→ Raw data:
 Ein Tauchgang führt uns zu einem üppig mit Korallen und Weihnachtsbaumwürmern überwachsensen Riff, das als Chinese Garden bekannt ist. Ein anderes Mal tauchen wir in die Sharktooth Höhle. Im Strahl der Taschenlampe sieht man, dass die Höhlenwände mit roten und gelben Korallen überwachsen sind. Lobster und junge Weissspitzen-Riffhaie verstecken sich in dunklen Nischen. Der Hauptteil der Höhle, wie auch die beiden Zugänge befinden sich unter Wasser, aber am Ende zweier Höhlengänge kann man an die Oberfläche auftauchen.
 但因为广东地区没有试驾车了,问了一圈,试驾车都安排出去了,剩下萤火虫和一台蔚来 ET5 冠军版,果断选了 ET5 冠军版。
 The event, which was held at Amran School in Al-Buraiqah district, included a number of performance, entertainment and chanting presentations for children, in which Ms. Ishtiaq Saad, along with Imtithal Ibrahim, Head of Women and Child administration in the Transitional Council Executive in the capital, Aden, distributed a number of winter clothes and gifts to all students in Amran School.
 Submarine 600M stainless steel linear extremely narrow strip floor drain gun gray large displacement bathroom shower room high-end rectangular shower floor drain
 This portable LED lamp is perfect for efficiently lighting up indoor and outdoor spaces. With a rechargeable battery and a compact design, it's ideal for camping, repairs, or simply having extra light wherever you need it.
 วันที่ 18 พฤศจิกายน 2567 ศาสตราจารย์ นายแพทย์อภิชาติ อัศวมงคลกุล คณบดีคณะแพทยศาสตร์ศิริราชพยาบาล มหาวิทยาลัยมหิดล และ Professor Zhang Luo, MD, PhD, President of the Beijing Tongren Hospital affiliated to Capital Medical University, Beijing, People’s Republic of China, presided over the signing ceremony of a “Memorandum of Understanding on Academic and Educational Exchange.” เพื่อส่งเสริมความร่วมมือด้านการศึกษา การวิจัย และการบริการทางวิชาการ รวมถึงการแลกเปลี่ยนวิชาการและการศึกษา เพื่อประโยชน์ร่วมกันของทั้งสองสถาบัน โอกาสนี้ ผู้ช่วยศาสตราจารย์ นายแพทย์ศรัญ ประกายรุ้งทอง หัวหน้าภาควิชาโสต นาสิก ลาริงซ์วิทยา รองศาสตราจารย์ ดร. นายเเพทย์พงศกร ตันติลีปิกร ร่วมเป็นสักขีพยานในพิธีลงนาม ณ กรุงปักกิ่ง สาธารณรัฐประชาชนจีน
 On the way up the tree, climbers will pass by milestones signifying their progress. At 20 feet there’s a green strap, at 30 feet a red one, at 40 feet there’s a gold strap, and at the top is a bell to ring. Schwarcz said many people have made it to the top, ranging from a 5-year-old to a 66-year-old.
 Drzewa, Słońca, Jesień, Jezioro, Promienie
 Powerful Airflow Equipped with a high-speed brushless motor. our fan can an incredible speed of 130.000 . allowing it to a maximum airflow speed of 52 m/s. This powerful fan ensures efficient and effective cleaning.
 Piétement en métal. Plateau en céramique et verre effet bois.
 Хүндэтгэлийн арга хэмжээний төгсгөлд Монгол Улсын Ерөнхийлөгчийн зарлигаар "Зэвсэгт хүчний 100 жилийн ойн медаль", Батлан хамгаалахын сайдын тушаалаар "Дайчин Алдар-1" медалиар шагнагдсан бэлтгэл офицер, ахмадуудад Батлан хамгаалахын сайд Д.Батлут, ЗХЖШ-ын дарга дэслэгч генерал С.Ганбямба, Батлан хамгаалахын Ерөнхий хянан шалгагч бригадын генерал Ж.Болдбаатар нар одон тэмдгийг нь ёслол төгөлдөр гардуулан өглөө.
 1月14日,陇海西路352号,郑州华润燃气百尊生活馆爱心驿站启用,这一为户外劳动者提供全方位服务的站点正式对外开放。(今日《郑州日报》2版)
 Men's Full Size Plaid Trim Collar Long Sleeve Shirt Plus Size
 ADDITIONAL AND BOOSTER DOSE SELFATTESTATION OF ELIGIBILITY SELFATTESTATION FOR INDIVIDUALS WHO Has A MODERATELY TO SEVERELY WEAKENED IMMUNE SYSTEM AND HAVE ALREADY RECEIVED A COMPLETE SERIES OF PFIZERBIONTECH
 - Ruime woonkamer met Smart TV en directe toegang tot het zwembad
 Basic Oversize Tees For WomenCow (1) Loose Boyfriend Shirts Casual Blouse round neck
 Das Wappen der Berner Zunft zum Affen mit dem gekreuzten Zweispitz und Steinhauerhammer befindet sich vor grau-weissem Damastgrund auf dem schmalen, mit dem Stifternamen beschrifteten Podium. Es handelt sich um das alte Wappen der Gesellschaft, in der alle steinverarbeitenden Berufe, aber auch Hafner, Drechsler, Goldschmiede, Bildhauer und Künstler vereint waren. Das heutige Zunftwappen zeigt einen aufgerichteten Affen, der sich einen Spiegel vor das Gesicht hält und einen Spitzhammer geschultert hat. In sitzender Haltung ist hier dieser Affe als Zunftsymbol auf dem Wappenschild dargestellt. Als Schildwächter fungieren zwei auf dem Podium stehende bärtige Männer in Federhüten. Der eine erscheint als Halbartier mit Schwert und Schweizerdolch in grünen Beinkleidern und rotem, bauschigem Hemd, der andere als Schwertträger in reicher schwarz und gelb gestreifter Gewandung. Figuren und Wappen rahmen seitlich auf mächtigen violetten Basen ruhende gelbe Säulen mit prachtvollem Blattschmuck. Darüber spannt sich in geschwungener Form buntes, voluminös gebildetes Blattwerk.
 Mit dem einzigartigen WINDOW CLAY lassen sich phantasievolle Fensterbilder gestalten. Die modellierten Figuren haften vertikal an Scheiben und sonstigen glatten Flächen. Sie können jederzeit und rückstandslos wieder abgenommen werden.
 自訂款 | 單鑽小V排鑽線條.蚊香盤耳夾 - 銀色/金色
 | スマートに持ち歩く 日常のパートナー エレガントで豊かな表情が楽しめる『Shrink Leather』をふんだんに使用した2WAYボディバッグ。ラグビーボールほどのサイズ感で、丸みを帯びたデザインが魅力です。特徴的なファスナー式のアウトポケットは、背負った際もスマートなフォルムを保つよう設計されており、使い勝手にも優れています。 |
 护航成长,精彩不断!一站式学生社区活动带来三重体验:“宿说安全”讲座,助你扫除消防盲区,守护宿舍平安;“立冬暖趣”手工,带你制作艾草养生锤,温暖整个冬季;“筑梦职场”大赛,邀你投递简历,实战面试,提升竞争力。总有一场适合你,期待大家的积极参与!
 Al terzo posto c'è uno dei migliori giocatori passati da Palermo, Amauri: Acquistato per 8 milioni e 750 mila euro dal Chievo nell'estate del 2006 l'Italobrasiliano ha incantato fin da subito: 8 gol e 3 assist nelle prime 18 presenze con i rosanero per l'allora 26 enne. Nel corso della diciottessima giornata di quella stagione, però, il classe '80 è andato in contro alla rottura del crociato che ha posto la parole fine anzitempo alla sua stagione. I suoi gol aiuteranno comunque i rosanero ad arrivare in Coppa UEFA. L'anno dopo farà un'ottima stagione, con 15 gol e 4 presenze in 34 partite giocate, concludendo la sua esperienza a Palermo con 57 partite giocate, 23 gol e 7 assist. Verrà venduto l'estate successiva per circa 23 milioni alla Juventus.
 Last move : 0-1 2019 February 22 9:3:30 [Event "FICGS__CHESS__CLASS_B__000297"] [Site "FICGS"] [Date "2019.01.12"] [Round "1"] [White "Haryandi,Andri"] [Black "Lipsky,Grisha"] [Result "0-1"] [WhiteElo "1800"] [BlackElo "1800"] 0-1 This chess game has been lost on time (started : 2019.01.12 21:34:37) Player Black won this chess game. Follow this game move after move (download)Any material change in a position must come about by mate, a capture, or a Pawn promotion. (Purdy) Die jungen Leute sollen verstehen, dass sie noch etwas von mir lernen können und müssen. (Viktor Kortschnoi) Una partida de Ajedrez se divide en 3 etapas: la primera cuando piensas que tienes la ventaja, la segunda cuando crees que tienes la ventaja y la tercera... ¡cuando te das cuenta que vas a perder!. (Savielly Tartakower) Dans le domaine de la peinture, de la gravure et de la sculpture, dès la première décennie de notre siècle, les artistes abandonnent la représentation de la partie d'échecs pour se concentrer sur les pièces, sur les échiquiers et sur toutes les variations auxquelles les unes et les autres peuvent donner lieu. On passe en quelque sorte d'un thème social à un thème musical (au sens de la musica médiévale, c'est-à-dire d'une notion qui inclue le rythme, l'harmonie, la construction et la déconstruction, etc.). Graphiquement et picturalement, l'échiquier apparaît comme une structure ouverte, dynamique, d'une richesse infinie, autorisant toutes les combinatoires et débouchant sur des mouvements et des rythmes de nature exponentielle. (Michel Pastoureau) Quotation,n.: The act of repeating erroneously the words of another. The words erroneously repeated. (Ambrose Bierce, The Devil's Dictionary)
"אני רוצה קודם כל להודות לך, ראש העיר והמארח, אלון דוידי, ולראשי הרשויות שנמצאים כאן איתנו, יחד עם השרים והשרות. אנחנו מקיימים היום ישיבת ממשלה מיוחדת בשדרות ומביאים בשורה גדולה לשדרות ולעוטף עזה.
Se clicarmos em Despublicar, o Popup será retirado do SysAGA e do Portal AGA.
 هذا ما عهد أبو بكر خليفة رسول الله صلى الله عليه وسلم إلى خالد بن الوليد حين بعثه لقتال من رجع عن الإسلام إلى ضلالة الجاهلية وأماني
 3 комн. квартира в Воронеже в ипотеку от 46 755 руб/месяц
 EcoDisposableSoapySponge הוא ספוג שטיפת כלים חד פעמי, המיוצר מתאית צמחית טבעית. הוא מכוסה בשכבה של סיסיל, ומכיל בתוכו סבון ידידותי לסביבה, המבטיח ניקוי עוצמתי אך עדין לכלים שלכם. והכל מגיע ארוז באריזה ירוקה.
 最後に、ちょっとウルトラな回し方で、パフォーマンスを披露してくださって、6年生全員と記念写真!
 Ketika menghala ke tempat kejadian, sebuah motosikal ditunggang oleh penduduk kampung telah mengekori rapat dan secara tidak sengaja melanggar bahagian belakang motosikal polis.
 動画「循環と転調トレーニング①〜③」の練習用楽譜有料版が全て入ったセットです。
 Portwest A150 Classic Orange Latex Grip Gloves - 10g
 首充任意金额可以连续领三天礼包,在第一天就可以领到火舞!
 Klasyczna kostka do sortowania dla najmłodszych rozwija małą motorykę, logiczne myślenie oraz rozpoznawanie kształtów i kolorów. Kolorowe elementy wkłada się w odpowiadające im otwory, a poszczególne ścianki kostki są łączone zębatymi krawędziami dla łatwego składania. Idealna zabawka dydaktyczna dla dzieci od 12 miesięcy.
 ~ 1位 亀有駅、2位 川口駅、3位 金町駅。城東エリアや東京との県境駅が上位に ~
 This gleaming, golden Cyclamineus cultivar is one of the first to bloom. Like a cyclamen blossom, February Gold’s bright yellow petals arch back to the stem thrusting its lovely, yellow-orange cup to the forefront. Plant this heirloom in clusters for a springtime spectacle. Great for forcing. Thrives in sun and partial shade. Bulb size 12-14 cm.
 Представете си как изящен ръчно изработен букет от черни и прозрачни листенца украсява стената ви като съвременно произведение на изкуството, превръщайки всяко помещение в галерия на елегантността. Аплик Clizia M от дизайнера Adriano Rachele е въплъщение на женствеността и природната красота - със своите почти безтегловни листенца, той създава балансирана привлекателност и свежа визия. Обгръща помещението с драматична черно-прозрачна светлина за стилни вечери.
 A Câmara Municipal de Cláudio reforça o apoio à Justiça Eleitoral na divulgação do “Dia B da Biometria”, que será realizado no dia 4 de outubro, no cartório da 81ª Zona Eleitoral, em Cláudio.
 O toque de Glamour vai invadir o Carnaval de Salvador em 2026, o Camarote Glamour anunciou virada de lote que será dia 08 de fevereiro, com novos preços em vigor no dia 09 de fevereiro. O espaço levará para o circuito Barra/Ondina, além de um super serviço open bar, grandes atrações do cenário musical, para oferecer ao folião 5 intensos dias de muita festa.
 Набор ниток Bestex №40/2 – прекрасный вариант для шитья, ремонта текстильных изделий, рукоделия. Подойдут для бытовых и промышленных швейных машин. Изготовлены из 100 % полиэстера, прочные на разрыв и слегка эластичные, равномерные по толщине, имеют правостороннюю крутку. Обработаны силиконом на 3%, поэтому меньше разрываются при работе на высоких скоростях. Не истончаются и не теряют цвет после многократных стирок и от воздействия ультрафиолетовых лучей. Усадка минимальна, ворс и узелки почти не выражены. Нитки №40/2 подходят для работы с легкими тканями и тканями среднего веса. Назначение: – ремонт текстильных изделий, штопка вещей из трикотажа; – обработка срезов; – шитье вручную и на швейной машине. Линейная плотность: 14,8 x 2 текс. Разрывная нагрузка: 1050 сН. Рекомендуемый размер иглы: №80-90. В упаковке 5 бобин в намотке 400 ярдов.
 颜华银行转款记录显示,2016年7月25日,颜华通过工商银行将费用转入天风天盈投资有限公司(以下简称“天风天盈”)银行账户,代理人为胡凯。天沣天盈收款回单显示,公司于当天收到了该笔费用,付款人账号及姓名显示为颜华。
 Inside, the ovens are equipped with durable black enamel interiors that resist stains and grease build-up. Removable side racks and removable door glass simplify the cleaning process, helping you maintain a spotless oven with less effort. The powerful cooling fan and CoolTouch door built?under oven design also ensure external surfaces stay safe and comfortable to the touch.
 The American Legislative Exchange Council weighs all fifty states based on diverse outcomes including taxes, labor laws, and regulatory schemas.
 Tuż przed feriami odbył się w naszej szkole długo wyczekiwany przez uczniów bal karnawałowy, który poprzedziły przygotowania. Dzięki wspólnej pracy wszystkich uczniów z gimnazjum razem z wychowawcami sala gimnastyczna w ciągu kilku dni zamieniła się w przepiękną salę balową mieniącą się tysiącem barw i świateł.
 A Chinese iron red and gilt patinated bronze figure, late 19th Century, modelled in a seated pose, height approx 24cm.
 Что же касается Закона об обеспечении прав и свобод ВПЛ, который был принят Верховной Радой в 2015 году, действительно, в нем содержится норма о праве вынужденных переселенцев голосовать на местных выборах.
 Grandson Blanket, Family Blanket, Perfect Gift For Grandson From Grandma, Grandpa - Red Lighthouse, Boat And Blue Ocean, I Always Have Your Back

→ Work task:
Copy out every line of the data that includes "cleaning".

→ Result for this exercise:
 Powerful Airflow Equipped with a high-speed brushless motor. our fan can an incredible speed of 130.000 . allowing it to a maximum airflow speed of 52 m/s. This powerful fan ensures efficient and effective cleaning.
 Inside, the ovens are equipped with durable black enamel interiors that resist stains and grease build-up. Removable side racks and removable door glass simplify the cleaning process, helping you maintain a spotless oven with less effort. The powerful cooling fan and CoolTouch door built?under oven design also ensure external surfaces stay safe and comfortable to the touch.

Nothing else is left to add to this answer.